Friday, April 24, 2009

An Awakening?


Ray Ortlund reflects on his experience at The Gospel Coalition conference:
Clearly, the Lord is at work. He is creating new conditions for the future. In the 90s, we had nothing of the magnitude of The Gospel Coalition, Together For The Gospel, Acts 29 and other obvious indicators of a new movement of God. We did have, say, Promise Keepers, which helped many. But PK was not explicitly gospel-centered, not aggressively theological. Its impact was unsustainable. But now the Lord is giving us something new, something better. Let's be thankful to him. This doesn't come along every day. Let's steward the blessing well. If we bungle this, I doubt we will see it again in our time. But if we are wise, not intruding our own self-centered complications but humbly putting Christ first, the blessing will grow. And maybe, in the mercy of God, we will see awakening in our time.
May it be so!

4 comments:

John C said...

I'm torn on this. I followed this conference and I know people that attended. So much of this type of crowd seems like "church for the churched, seminarians, and theologians." I wish we could find a balance. To me Jesus more than exemplified the kind of teaching style, relationships, and communicating methods and how to do that with real every day people, and still be biblical. (well, he was Jesus so hard for him to NOT be biblical!) But put yourself in the shoes of the every day joe and cross that path with this crowd. I'm just not sure the swing of the pendulum to this degree is where God wants it to be either. Again, really take yourself out of the crowd you run with and think of real everyday people from schooled academic types to truck drivers and factory workers. How did Jesus teach and convey His Father's message?

Unknown said...

John, what about the idea/possibility that believers from different churches in the same city can unite together to advance the gospel? Churches aren’t exactly working *together* (practically) right now, at least in my area. The baseline theological similarities will be what causes the connection through TGC, then the mission will be to reach the city together. Of course, I don’t know what will come of all this, but, I’m really curious.

Christopher Lake said...

John,

This was a Christian conference which was meant, by design, to go into some deeper issues of theology and methodology in the local church. Certainly, a person doesn't have be a seminarian or theologian to be interested in such things (although we should remember that *all* Christians are theologians, ultimately).

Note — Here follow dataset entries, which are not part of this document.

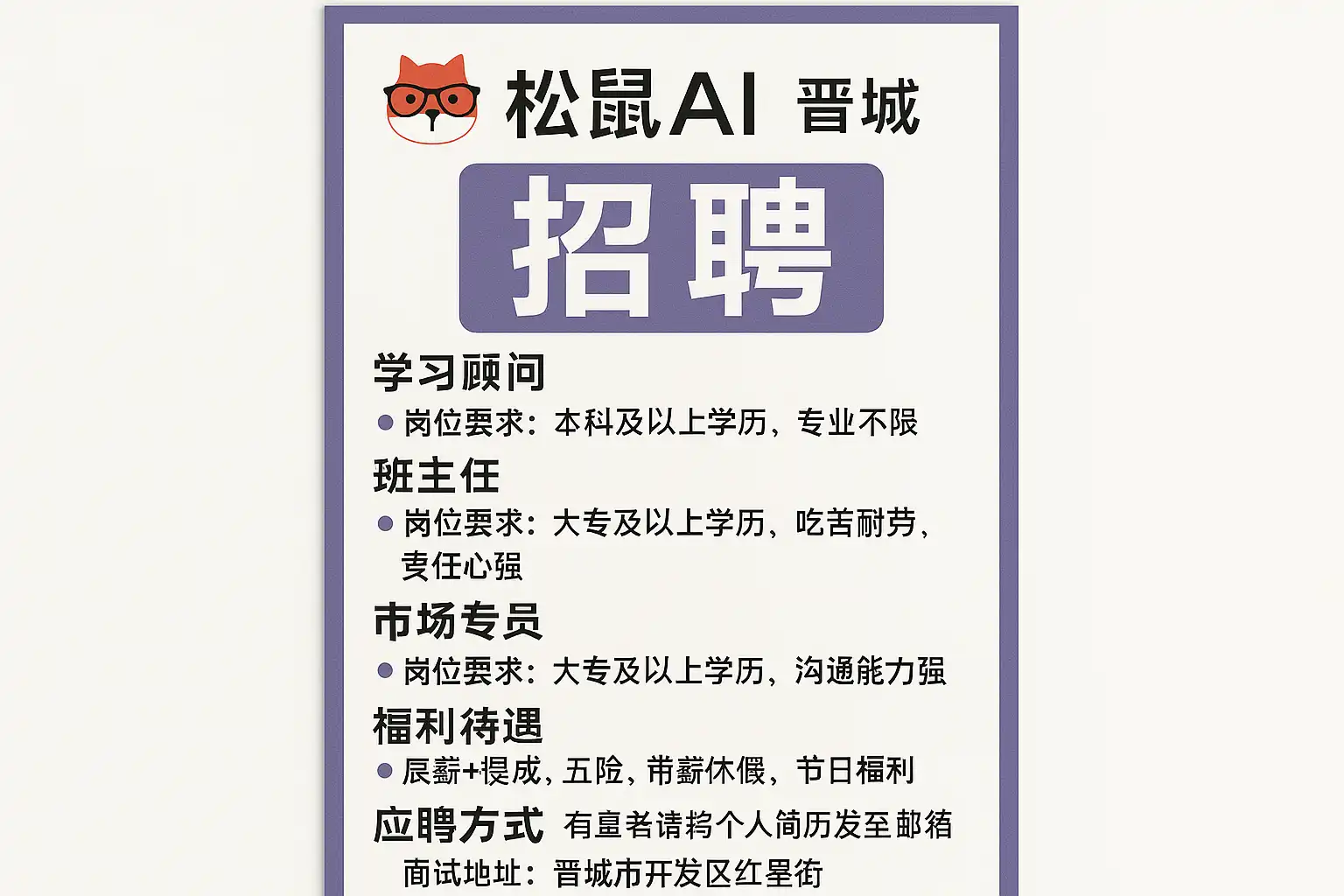晋城松鼠AI招聘的薪资待遇如何?
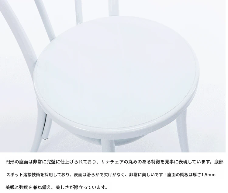 結婚式・イベントに最適!アイアン製サナチェア - シンプルなデザインの金属製円形スツール。インダストリアルスタイルのレストランチェア、ホワイトカラーで洗練された空間を演出します。
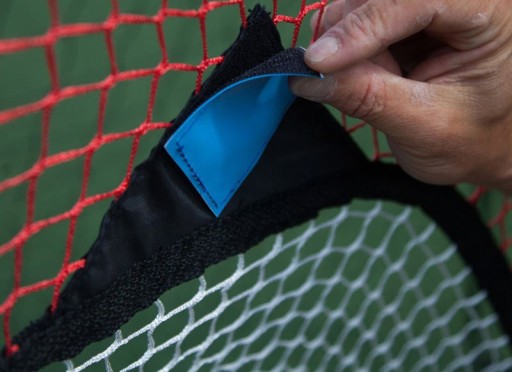 Matę łatwo montuje się do bramki za pomocą elastycznych uchwytów.
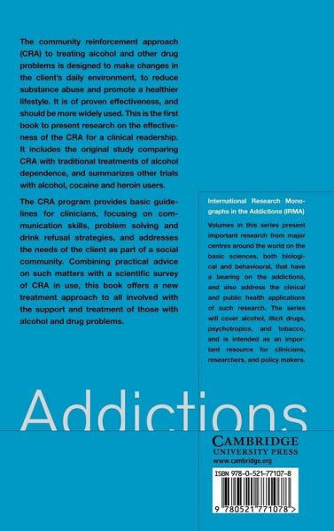 The community reinforcement approach (CRA) to treating alcohol and other drug problems is designed to make changes in the client's daily environment, to reduce substance abuse and promote a healthier lifestyle. It is of proven effectiveness, and should be more widely used. This 2001 book presents research on the effectiveness of the CRA for a clinical readership. It includes the original study comparing CRA with traditional treatments of alcohol dependence, and summarizes other trials with alcohol, cocaine and heroin users. The CRA program provides basic guidelines for clinicians, focusing on communication skills, problem-solving and drink-refusal strategies, and addresses the needs of the client as part of a social community. Combining practical advice on such matters with a scientific survey of CRA in use, this book offers a treatment approach to all involved with the support and treatment of those with alcohol and drug problems.
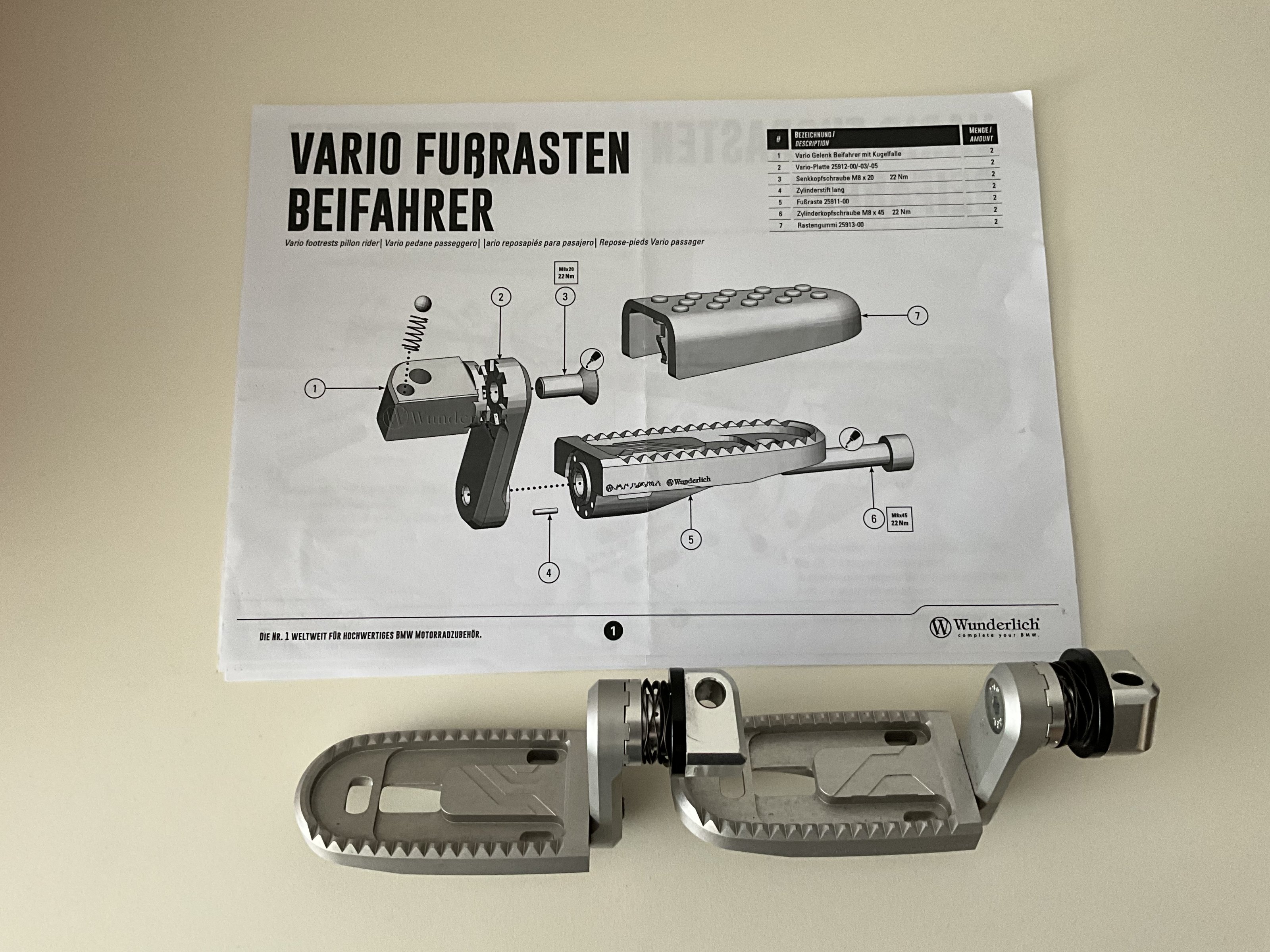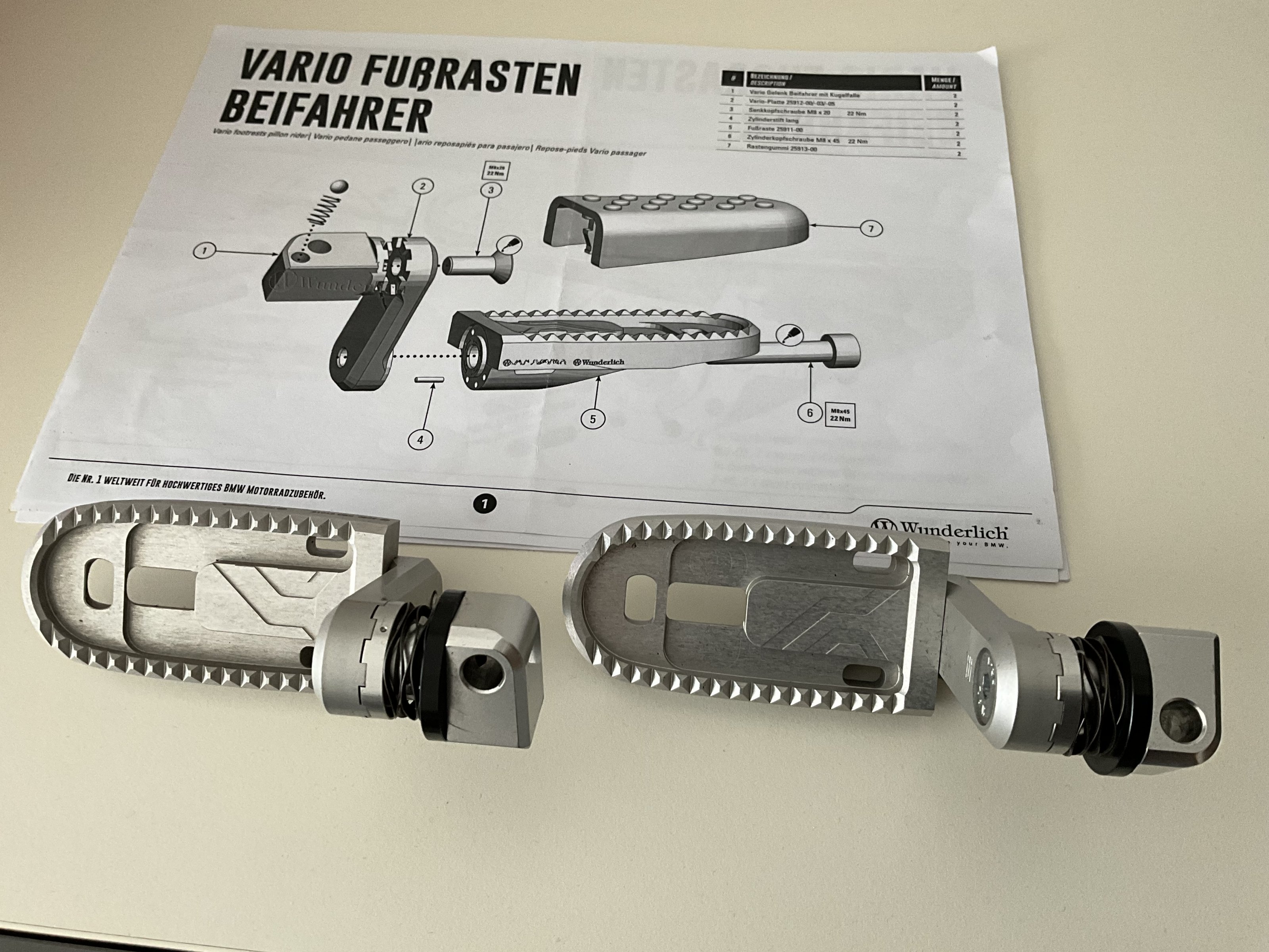 Verkaufe meine Wunderlich Vario-Fussrasten für Beifahrer. Diese waren ca. 6 Monate verbaut und wurden wieder demontiert, da ich doch meistens allein unterwegs bin und diese daher nicht benötige.

However, the theme of this conference came from 2 Timothy, a letter specifically written to a young pastor. The concerns are those of an older brother in the faith (Paul), writing to a younger brother (Timothy), who is preparing to pastor a troubled local church.

In other words, the Gospel Coalition's conference this year was not necessarily *meant* to address the average joe on the street. However, the truths of the messages at the conference are meant to be taken by pastors and implemented for the benefit of "average joe's," both churched and unchurched.

John C said...

I think I was mostly responding/reacting to the post Z linked by Ray Ortlund and his statement"But now the Lord is giving us something new, something better. Let's be thankful to him." And comparing it to PK, etc. Granted I was never a big PK guy, but I think it's mission was quite different and hard to compare to GC. It certainly tried to reach beyond the churched in it's evangelical efforts. I just hate to see someone comparing their affiliation with a group to other ministries/movements as "something new, something better" - there's no real reason/need for that in God's Kingdom - (unless it's seriously pointing out false teachers, etc.) and it's somewhat of a pompous/pious statement to make. I agree - movements/conferences/ministries need to band together and learn from one another and become of one accord, rather than constantly comparing themselves to past or present movements and holding onto a belief that they're somehow given by God as something better.